**Exercise data**
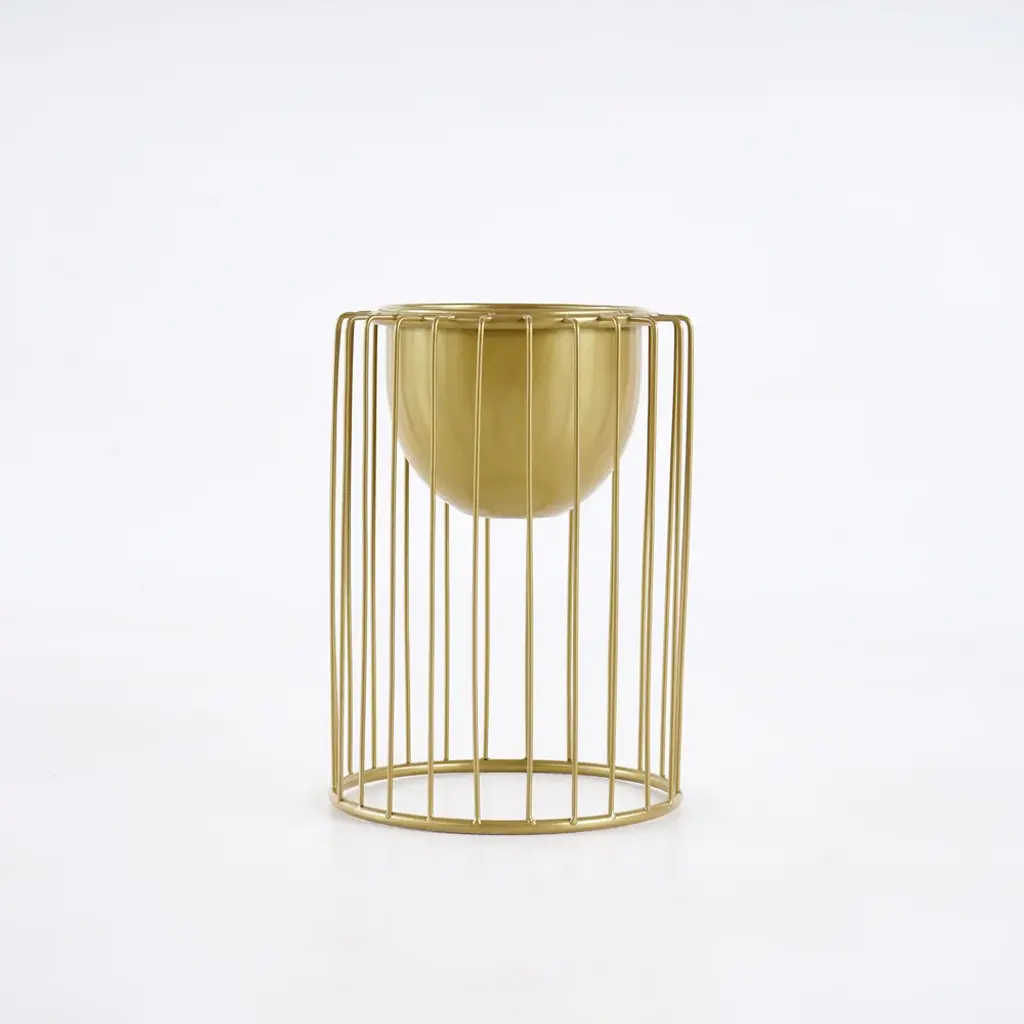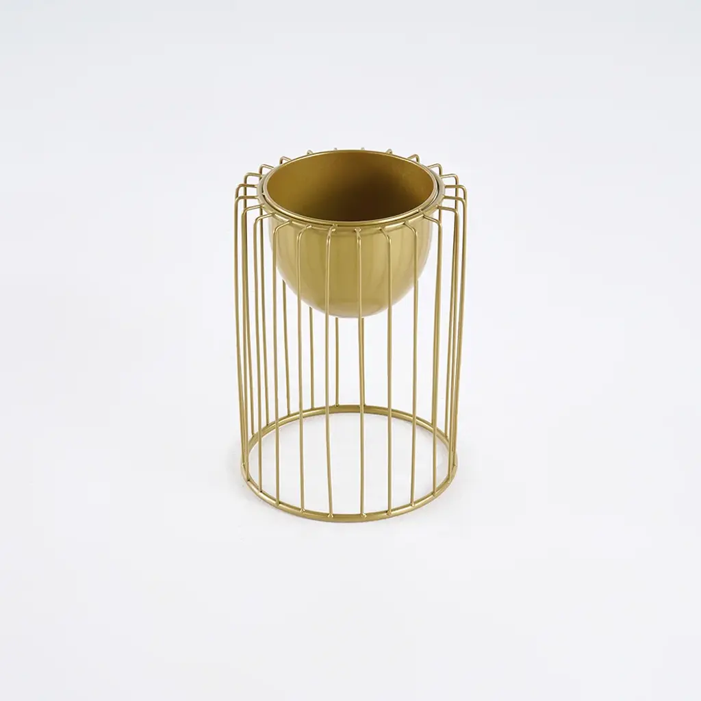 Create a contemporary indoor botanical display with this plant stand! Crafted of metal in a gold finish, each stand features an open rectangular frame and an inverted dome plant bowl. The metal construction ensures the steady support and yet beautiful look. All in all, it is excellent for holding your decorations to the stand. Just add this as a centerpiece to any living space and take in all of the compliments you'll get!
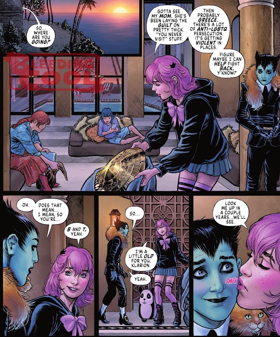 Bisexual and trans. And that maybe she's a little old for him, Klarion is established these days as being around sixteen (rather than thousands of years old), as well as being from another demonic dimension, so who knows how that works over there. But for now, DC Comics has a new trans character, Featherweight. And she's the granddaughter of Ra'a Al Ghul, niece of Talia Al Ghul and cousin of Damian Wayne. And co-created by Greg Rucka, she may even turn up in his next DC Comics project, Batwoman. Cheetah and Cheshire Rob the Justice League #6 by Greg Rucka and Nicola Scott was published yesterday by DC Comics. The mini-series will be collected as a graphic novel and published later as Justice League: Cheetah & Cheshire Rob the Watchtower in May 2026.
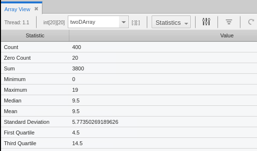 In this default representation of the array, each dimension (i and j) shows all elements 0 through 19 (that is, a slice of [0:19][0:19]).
* * *
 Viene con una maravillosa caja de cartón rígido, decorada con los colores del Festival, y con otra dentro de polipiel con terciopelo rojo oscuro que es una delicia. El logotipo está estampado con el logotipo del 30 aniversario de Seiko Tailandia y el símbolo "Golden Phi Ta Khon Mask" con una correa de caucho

**Aim of the task**
The lines above from the line with "Create a contemporary" through the line with "Bisexual and trans." are to be given again word for word, with no pictures among them.

**Response for this exercise**
 Create a contemporary indoor botanical display with this plant stand! Crafted of metal in a gold finish, each stand features an open rectangular frame and an inverted dome plant bowl. The metal construction ensures the steady support and yet beautiful look. All in all, it is excellent for holding your decorations to the stand. Just add this as a centerpiece to any living space and take in all of the compliments you'll get!
 Bisexual and trans. And that maybe she's a little old for him, Klarion is established these days as being around sixteen (rather than thousands of years old), as well as being from another demonic dimension, so who knows how that works over there. But for now, DC Comics has a new trans character, Featherweight. And she's the granddaughter of Ra'a Al Ghul, niece of Talia Al Ghul and cousin of Damian Wayne. And co-created by Greg Rucka, she may even turn up in his next DC Comics project, Batwoman. Cheetah and Cheshire Rob the Justice League #6 by Greg Rucka and Nicola Scott was published yesterday by DC Comics. The mini-series will be collected as a graphic novel and published later as Justice League: Cheetah & Cheshire Rob the Watchtower in May 2026.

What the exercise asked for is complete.